> [Activity]
The line containing "IB-PJ401 4 Gang Smart Touch Screen Panel" marks the end; write out exactly every line from the start of the data up to and including it, without the pictures.

> [Data extract]
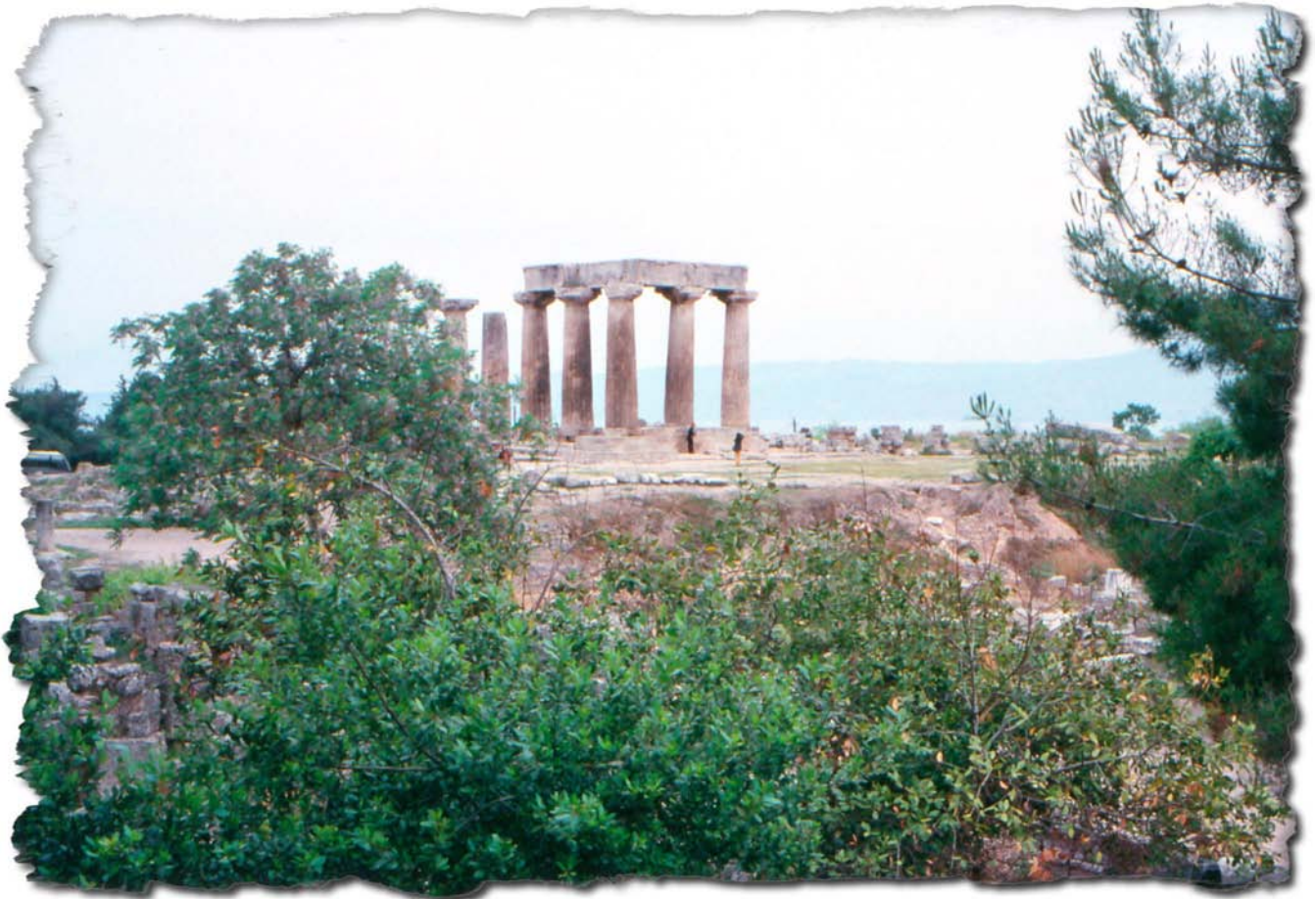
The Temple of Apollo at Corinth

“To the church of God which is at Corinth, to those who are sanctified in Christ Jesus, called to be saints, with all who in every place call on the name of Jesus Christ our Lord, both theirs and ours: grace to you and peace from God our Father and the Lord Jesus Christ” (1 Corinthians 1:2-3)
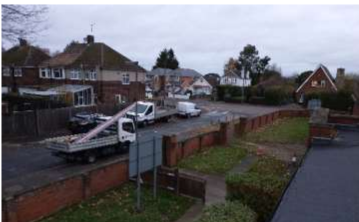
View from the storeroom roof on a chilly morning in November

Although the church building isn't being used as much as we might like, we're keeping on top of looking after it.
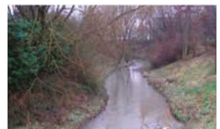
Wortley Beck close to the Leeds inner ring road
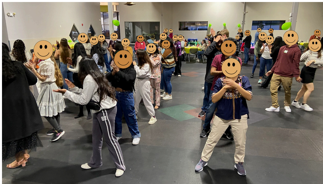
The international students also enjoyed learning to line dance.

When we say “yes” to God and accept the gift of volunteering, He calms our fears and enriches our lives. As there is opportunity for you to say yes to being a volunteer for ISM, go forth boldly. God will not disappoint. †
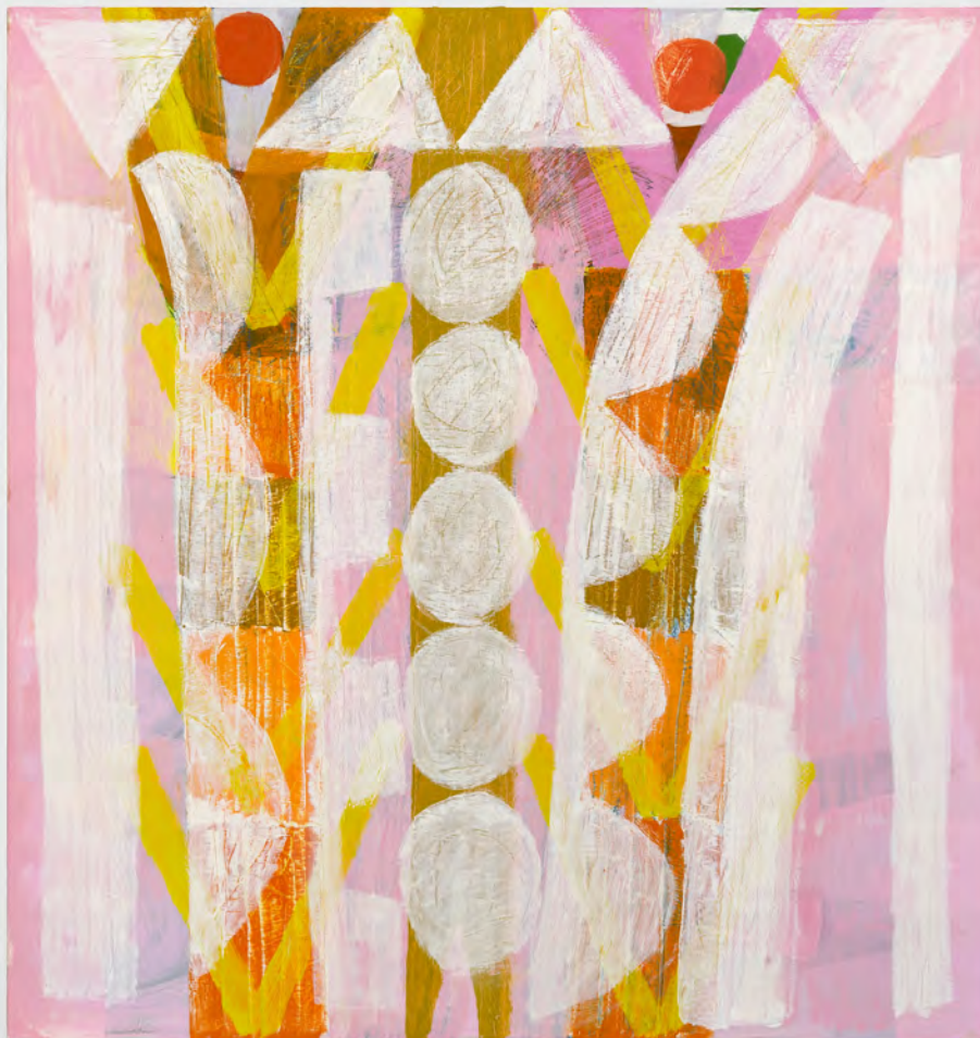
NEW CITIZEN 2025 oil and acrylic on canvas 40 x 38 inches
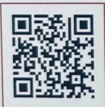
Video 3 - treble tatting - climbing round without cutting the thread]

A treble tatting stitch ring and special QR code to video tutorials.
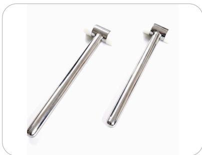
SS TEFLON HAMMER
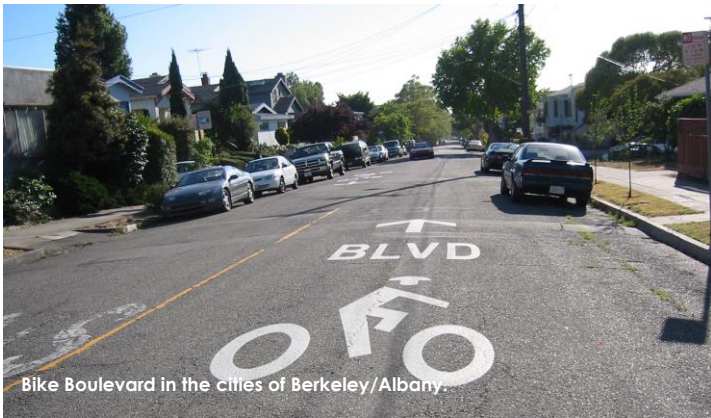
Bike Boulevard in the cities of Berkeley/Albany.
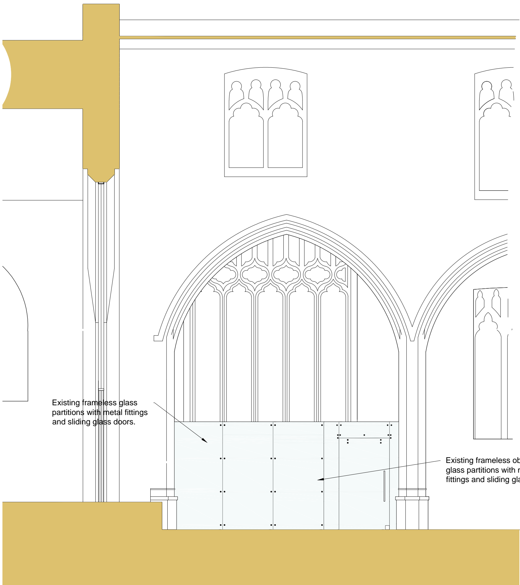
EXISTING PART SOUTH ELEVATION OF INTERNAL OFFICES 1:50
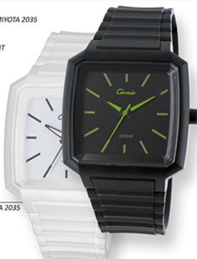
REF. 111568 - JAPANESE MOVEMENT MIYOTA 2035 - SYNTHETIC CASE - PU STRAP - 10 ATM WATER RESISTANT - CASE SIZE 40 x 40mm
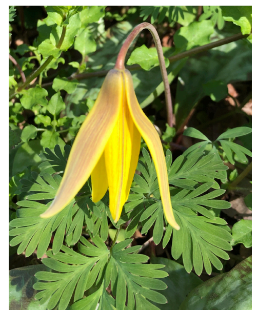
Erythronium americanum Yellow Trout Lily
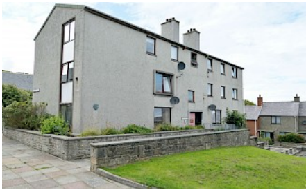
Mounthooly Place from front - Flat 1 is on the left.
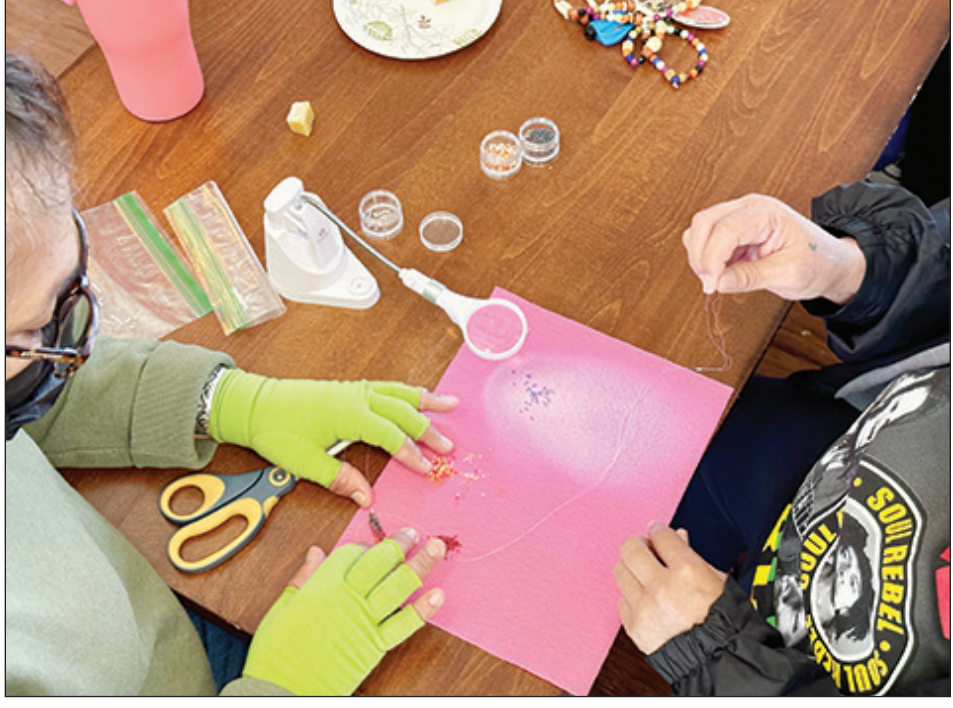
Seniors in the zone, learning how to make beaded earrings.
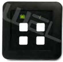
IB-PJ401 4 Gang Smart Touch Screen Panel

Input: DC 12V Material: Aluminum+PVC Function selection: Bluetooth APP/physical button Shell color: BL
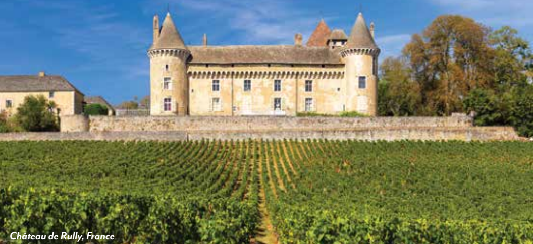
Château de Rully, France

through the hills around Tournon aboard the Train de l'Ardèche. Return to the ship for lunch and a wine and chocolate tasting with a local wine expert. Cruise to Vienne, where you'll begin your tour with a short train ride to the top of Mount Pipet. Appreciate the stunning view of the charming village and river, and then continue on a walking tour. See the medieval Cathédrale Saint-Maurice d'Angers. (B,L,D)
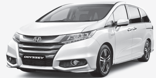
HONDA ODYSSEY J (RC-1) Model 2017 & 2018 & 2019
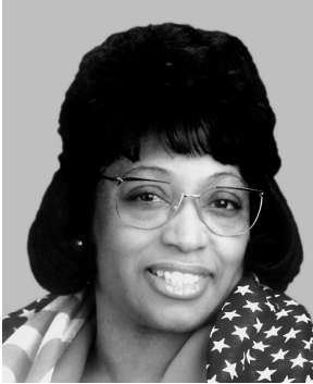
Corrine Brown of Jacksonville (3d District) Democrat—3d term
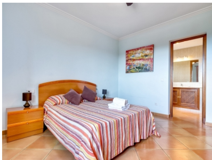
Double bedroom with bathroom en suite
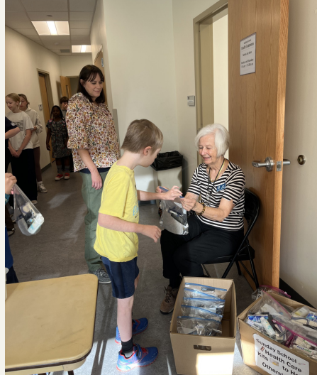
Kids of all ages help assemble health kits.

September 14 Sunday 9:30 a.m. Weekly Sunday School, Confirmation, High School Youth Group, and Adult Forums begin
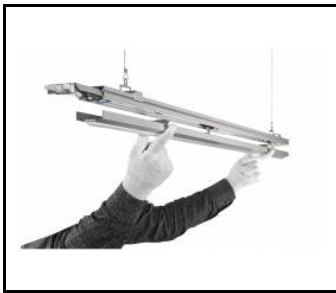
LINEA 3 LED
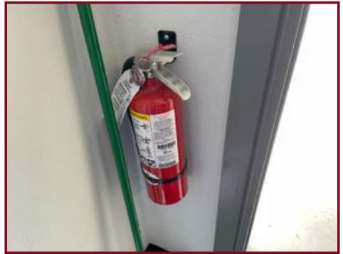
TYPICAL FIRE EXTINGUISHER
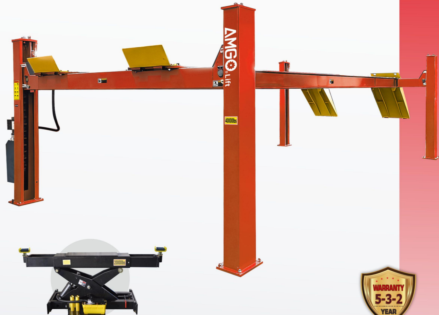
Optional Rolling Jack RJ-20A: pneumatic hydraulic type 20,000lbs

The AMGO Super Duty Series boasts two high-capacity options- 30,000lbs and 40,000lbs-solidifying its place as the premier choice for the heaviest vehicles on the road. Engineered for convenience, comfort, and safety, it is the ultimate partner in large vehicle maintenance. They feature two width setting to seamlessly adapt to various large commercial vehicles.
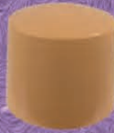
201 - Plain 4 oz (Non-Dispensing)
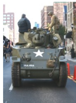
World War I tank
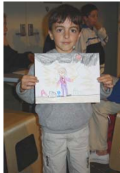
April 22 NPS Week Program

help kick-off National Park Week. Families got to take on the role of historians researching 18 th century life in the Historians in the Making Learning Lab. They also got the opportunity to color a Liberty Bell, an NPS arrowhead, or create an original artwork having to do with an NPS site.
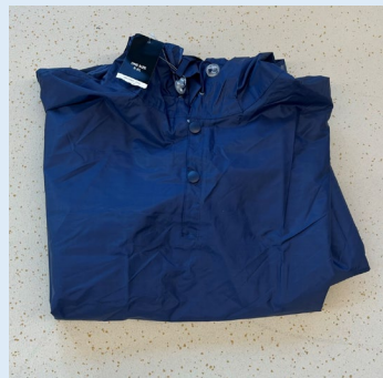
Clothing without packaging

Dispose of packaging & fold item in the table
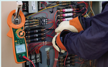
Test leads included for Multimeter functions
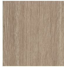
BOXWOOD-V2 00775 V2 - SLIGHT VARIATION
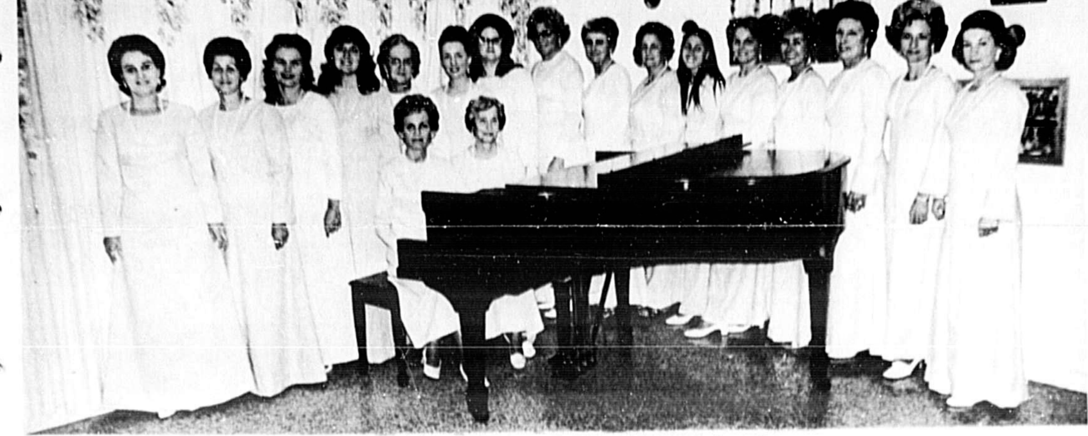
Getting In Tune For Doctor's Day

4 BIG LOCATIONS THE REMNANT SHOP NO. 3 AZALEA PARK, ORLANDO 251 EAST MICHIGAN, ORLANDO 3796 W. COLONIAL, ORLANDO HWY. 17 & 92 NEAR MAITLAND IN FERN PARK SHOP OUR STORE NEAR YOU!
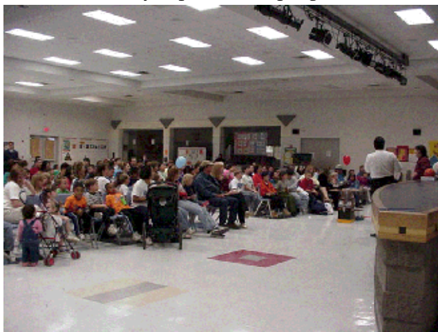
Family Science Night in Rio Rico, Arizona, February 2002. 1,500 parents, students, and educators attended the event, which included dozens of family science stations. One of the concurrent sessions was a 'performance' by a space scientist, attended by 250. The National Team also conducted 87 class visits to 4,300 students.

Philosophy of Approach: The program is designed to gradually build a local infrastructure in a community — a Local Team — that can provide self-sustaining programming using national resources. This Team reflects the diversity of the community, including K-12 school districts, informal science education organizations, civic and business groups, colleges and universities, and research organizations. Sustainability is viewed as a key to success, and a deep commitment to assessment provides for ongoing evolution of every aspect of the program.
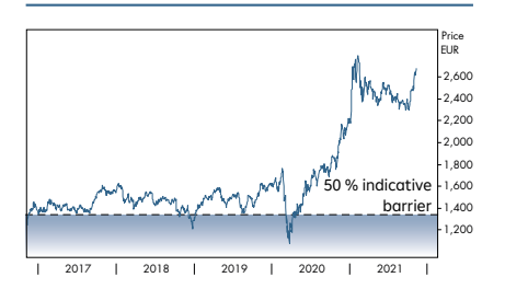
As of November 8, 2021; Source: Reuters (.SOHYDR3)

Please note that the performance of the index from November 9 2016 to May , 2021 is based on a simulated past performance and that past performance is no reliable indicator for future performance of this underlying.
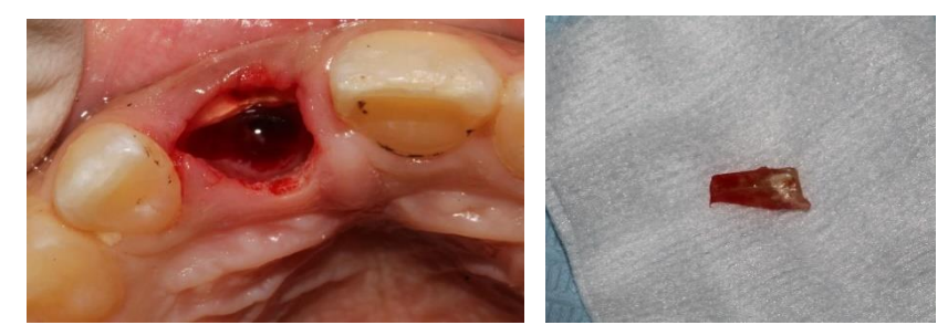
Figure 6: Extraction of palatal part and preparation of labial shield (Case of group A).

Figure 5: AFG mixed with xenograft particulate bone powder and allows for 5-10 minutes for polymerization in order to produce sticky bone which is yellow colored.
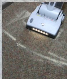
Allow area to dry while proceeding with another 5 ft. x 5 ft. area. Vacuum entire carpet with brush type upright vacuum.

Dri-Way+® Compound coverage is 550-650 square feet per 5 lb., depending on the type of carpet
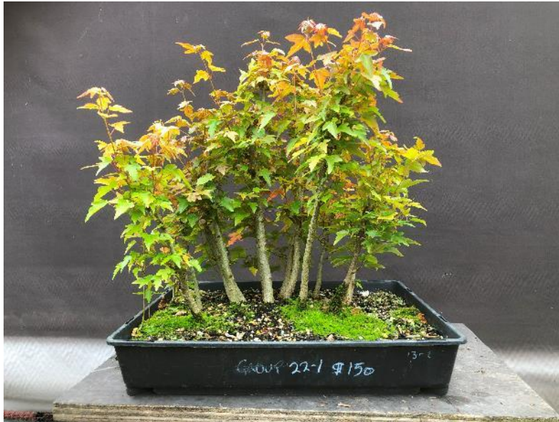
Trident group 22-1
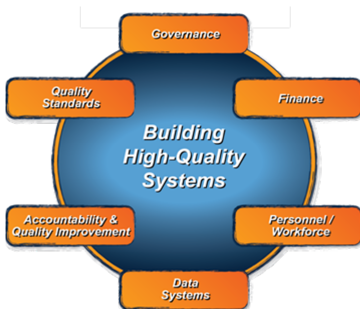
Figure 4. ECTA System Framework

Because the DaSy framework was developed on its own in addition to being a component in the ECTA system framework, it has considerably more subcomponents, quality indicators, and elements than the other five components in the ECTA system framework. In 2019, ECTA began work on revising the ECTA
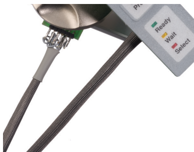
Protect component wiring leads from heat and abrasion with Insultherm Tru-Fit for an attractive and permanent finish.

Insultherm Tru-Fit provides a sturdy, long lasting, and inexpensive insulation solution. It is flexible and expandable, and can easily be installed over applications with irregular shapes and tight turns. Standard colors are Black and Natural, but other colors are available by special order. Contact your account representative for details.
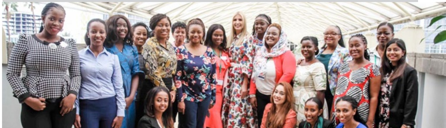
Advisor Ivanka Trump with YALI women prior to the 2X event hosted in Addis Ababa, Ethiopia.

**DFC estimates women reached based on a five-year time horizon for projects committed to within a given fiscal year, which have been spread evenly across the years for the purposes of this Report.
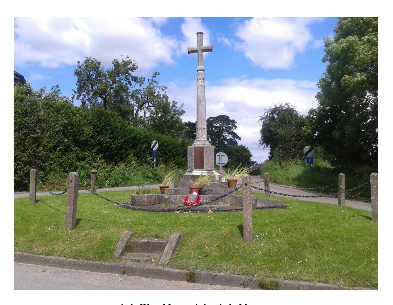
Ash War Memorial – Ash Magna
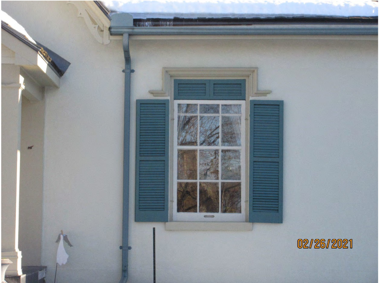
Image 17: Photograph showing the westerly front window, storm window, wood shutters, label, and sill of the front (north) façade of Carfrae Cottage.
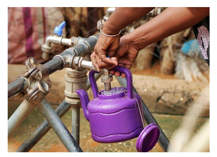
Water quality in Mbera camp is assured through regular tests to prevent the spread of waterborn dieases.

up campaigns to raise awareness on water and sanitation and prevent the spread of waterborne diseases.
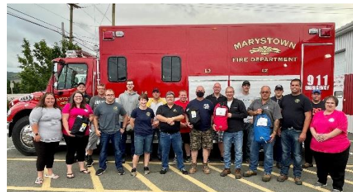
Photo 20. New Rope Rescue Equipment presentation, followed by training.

> [Solution]
The Temple of Apollo at Corinth

“To the church of God which is at Corinth, to those who are sanctified in Christ Jesus, called to be saints, with all who in every place call on the name of Jesus Christ our Lord, both theirs and ours: grace to you and peace from God our Father and the Lord Jesus Christ” (1 Corinthians 1:2-3)
View from the storeroom roof on a chilly morning in November

Although the church building isn't being used as much as we might like, we're keeping on top of looking after it.
Wortley Beck close to the Leeds inner ring road
The international students also enjoyed learning to line dance.

When we say “yes” to God and accept the gift of volunteering, He calms our fears and enriches our lives. As there is opportunity for you to say yes to being a volunteer for ISM, go forth boldly. God will not disappoint. †
NEW CITIZEN 2025 oil and acrylic on canvas 40 x 38 inches
Video 3 - treble tatting - climbing round without cutting the thread]

A treble tatting stitch ring and special QR code to video tutorials.
SS TEFLON HAMMER
Bike Boulevard in the cities of Berkeley/Albany.
EXISTING PART SOUTH ELEVATION OF INTERNAL OFFICES 1:50
REF. 111568 - JAPANESE MOVEMENT MIYOTA 2035 - SYNTHETIC CASE - PU STRAP - 10 ATM WATER RESISTANT - CASE SIZE 40 x 40mm
Erythronium americanum Yellow Trout Lily
Mounthooly Place from front - Flat 1 is on the left.
Seniors in the zone, learning how to make beaded earrings.
IB-PJ401 4 Gang Smart Touch Screen Panel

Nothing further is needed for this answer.